Smells like rationalization to me.
Traditional codecs have always focused on trade offs among encode complexity, decode complexity, and latency. Where complexity = compute. If every target device ran a 4090 at full power, we could go far below 22kbps with a traditional codec techniques for content like this. 22kbps isn't particularly impressive given these compute constraints.
This is my field, and trust me we (MPEG committees, AOM) look at "AI" based models, including GANs constantly. They don't yet look promising compared to traditional methods.
Oh and benchmarking against a video compression standard that's over twenty years old isn't doing a lot either for the plausibility of these methods.
Learned video codecs definitely do look promising: Microsoft's DCVC-FM (https://github.com/microsoft/DCVC) beats H.267 in BD-rate.

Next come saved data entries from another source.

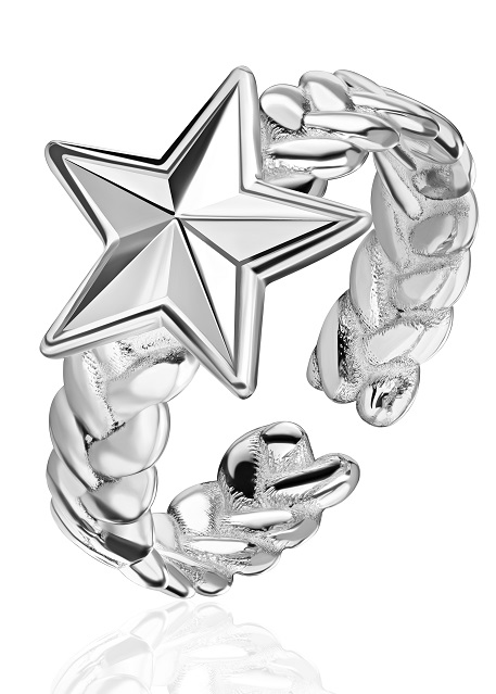 Дизайн кольца вдохновлен стилем советской эпохи, смешанным с элементами научной фантастики и киберпанка. Центральным элементом композиции выступает стилизованная звезда, которая символизирует идеи прогресса и величие человечества. Металлический блеск серебра добавляет изделию особую привлекательность и подчеркивает его футуристический характер.
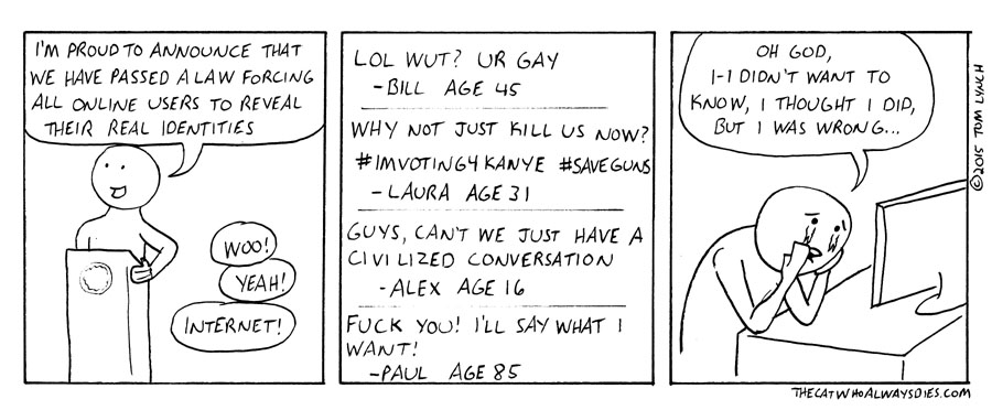 it's something that's already come to pass with people posting the dumbest hateful shit using their public facebook account, but I don't think we're ready for this futureI always wonder how old people are when I see dumb comments
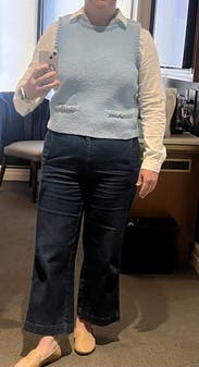 Wore with a puffed mid-sleeve collared button down, raw hem wide leg jeans, and gold flats. Got loads of compliments. It's a thicker vest so perfect for the spring!
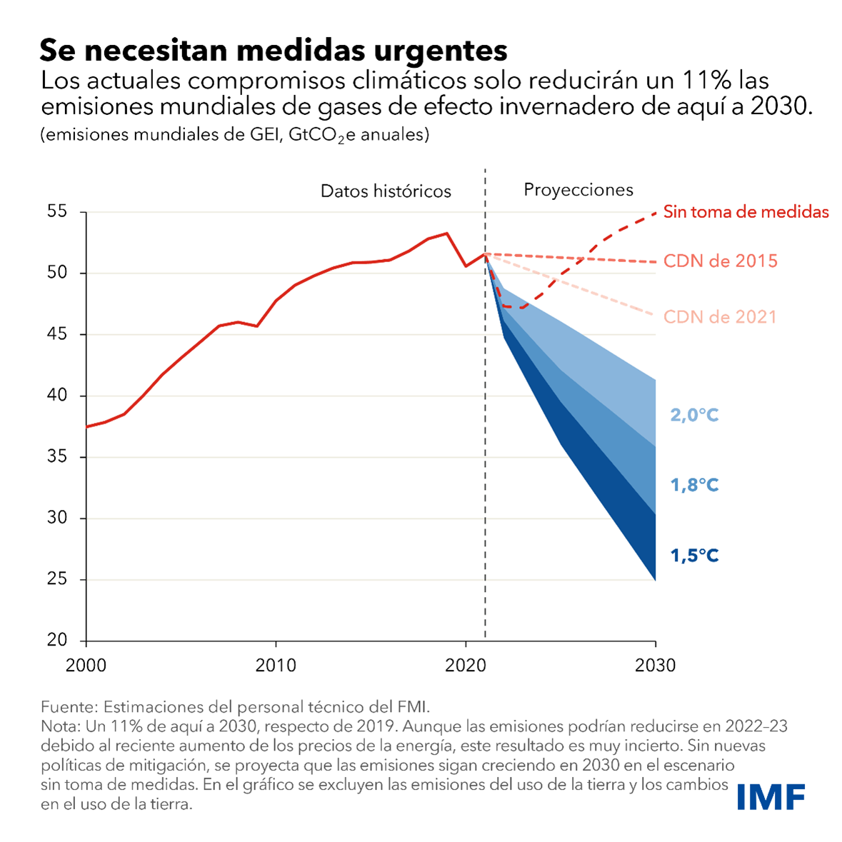 Y en el terreno de la política la brecha es incluso mayor. Un nuevo análisis del FMI de las políticas climáticas actuales a escala mundial muestra que solo lograrían una reducción del 11%. La diferencia entre esta cifra y lo que se necesita es enorme, equivalente a más de cinco veces las emisiones anuales actuales de la Unión Europea.

Another benefit of the learned approach is being able to run on soon commodity NPUs, without special hardware accommodation requirements.
In the CLIC challenge, hybrid codecs (traditional + learned components) are so far the best, so that has been a letdown for pure end to end learned codecs, agree. But something like H.267 is currently not cheap to run either.
This is intuitive, as the competition organisers say: compression is prediction.
To see what a lossy generator hallucinating patterns means in practice, I recommend viewing HiFiC vs original here: https://hific.github.io/